──────── AVAILABLE DATA

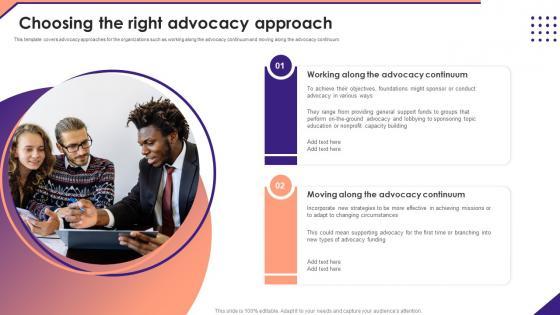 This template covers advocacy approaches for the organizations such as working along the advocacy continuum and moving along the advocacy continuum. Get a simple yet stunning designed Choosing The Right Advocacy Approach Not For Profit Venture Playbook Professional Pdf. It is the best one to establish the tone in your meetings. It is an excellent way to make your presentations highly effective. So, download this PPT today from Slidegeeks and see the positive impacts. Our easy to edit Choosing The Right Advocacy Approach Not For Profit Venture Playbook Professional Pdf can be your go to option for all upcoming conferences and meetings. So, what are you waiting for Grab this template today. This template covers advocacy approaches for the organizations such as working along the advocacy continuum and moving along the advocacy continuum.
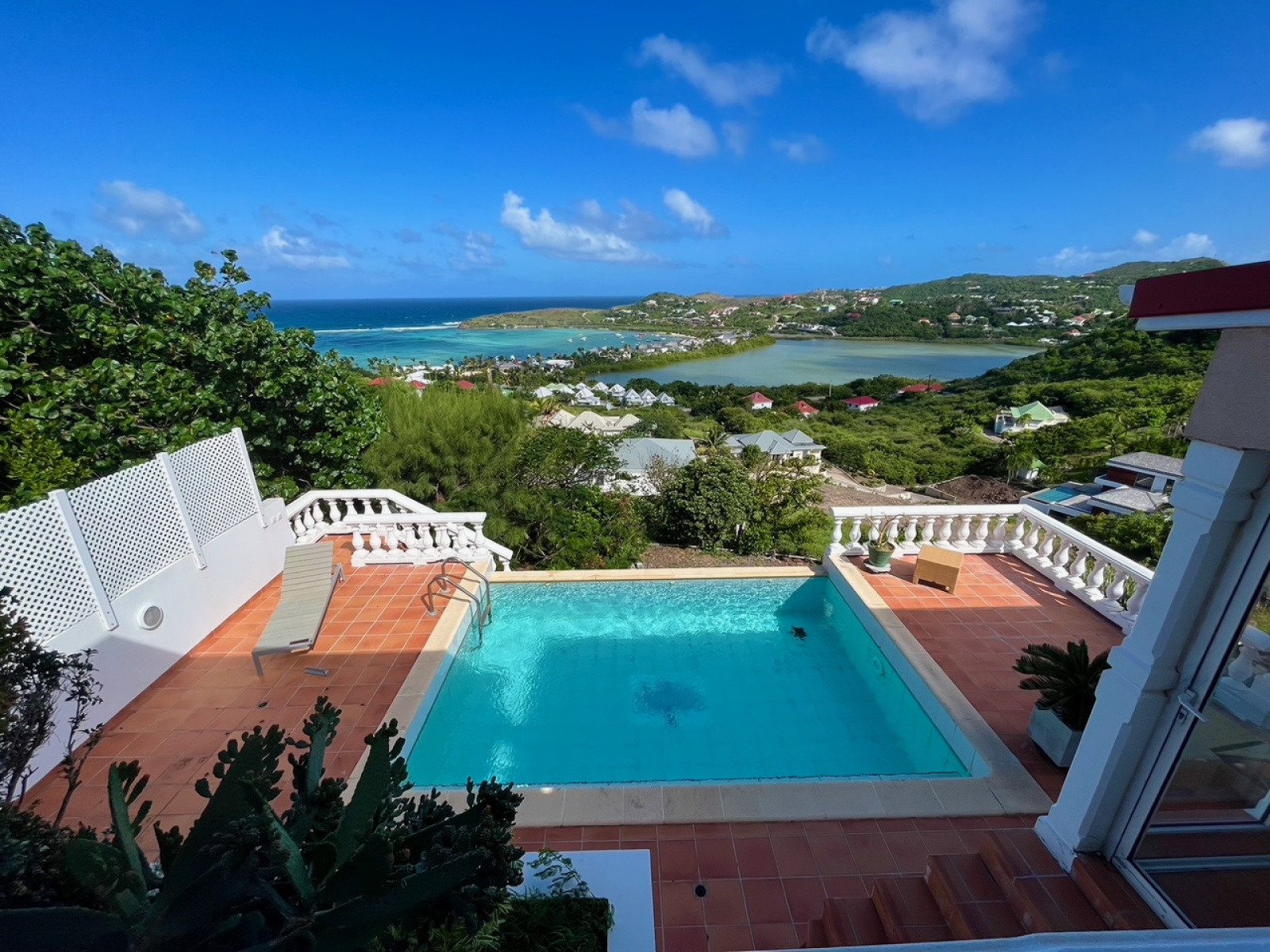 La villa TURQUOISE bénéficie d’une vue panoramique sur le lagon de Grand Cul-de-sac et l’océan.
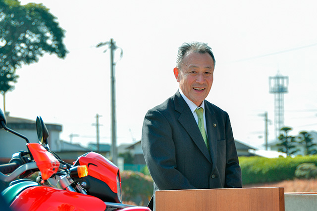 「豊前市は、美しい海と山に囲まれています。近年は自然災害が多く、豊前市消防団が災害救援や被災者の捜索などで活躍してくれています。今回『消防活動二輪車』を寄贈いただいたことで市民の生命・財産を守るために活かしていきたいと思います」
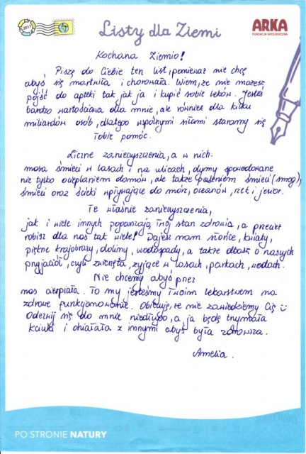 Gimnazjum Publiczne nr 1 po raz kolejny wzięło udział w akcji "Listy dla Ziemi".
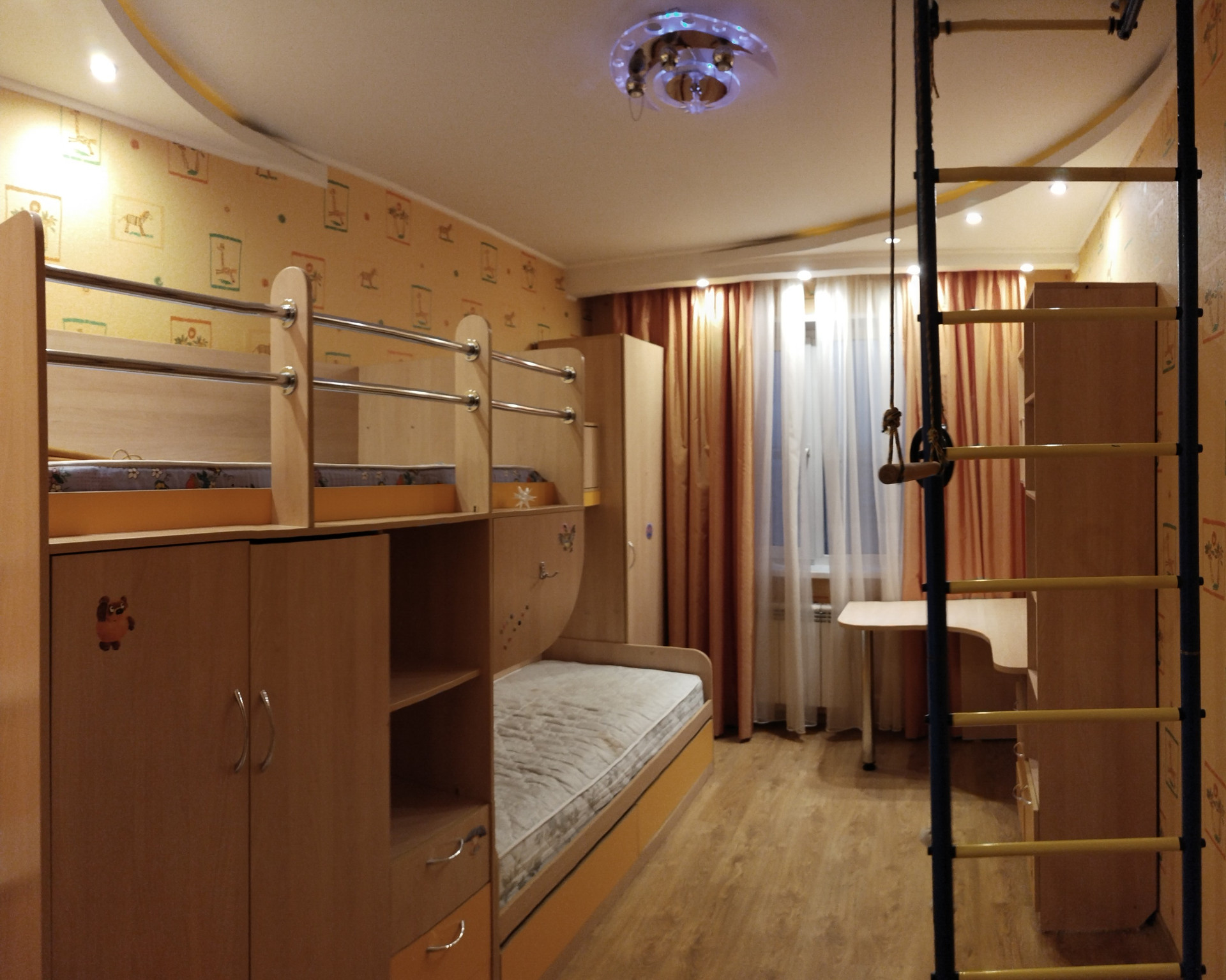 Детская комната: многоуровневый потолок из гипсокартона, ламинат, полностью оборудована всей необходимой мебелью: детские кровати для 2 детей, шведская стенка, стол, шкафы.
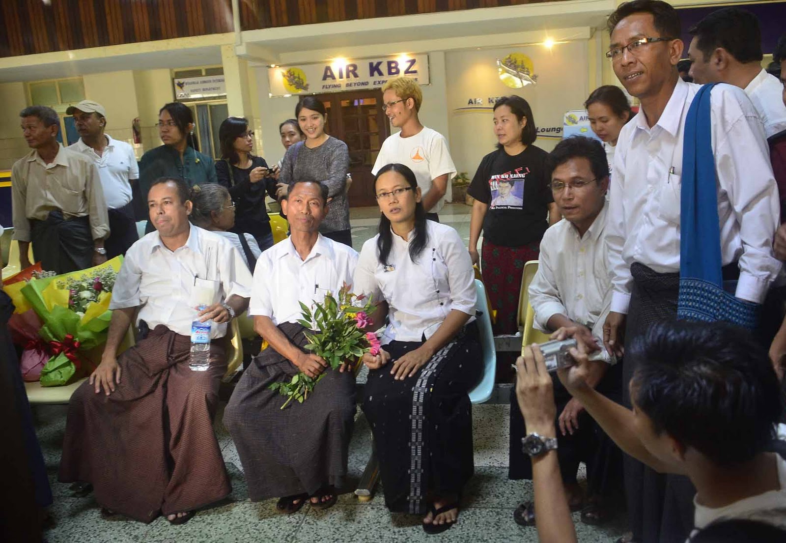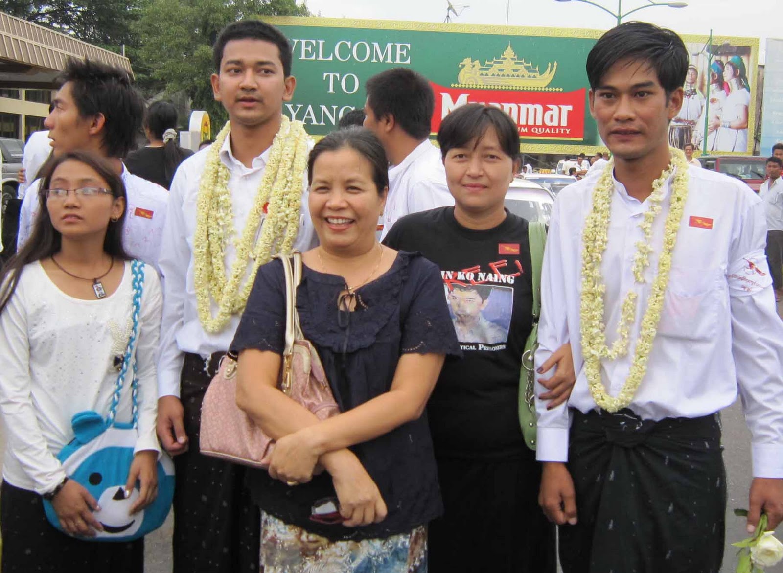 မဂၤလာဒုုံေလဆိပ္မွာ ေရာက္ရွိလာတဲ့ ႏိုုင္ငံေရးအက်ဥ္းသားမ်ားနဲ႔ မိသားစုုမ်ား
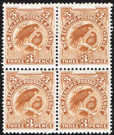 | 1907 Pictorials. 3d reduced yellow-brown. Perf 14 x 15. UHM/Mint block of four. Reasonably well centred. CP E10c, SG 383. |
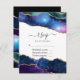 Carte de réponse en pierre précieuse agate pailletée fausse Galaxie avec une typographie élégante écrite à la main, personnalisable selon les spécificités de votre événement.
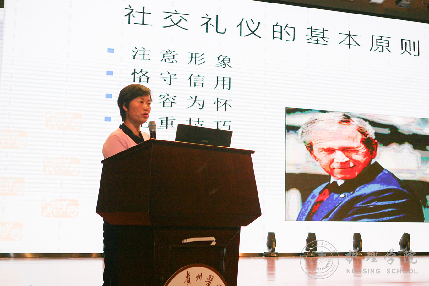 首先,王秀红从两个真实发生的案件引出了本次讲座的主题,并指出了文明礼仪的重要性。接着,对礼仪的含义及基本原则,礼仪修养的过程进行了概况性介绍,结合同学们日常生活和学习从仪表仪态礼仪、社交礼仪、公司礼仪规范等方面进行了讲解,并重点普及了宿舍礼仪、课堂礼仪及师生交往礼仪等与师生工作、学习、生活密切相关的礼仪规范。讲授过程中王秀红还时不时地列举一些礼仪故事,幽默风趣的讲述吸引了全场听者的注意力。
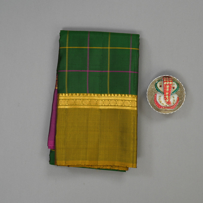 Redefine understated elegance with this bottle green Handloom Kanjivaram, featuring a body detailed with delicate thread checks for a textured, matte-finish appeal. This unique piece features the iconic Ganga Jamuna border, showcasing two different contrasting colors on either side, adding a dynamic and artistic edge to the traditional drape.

────────────────

# WHAT IS EXPECTED
For every entry, return its exact wording and leave out any image.

# RESPONSE AREA
 This template covers advocacy approaches for the organizations such as working along the advocacy continuum and moving along the advocacy continuum. Get a simple yet stunning designed Choosing The Right Advocacy Approach Not For Profit Venture Playbook Professional Pdf. It is the best one to establish the tone in your meetings. It is an excellent way to make your presentations highly effective. So, download this PPT today from Slidegeeks and see the positive impacts. Our easy to edit Choosing The Right Advocacy Approach Not For Profit Venture Playbook Professional Pdf can be your go to option for all upcoming conferences and meetings. So, what are you waiting for Grab this template today. This template covers advocacy approaches for the organizations such as working along the advocacy continuum and moving along the advocacy continuum.
 La villa TURQUOISE bénéficie d’une vue panoramique sur le lagon de Grand Cul-de-sac et l’océan.
 「豊前市は、美しい海と山に囲まれています。近年は自然災害が多く、豊前市消防団が災害救援や被災者の捜索などで活躍してくれています。今回『消防活動二輪車』を寄贈いただいたことで市民の生命・財産を守るために活かしていきたいと思います」
 Gimnazjum Publiczne nr 1 po raz kolejny wzięło udział w akcji "Listy dla Ziemi".
 Детская комната: многоуровневый потолок из гипсокартона, ламинат, полностью оборудована всей необходимой мебелью: детские кровати для 2 детей, шведская стенка, стол, шкафы.
 မဂၤလာဒုုံေလဆိပ္မွာ ေရာက္ရွိလာတဲ့ ႏိုုင္ငံေရးအက်ဥ္းသားမ်ားနဲ႔ မိသားစုုမ်ား
 | 1907 Pictorials. 3d reduced yellow-brown. Perf 14 x 15. UHM/Mint block of four. Reasonably well centred. CP E10c, SG 383. |
 Carte de réponse en pierre précieuse agate pailletée fausse Galaxie avec une typographie élégante écrite à la main, personnalisable selon les spécificités de votre événement.
 首先,王秀红从两个真实发生的案件引出了本次讲座的主题,并指出了文明礼仪的重要性。接着,对礼仪的含义及基本原则,礼仪修养的过程进行了概况性介绍,结合同学们日常生活和学习从仪表仪态礼仪、社交礼仪、公司礼仪规范等方面进行了讲解,并重点普及了宿舍礼仪、课堂礼仪及师生交往礼仪等与师生工作、学习、生活密切相关的礼仪规范。讲授过程中王秀红还时不时地列举一些礼仪故事,幽默风趣的讲述吸引了全场听者的注意力。
 Redefine understated elegance with this bottle green Handloom Kanjivaram, featuring a body detailed with delicate thread checks for a textured, matte-finish appeal. This unique piece features the iconic Ganga Jamuna border, showcasing two different contrasting colors on either side, adding a dynamic and artistic edge to the traditional drape.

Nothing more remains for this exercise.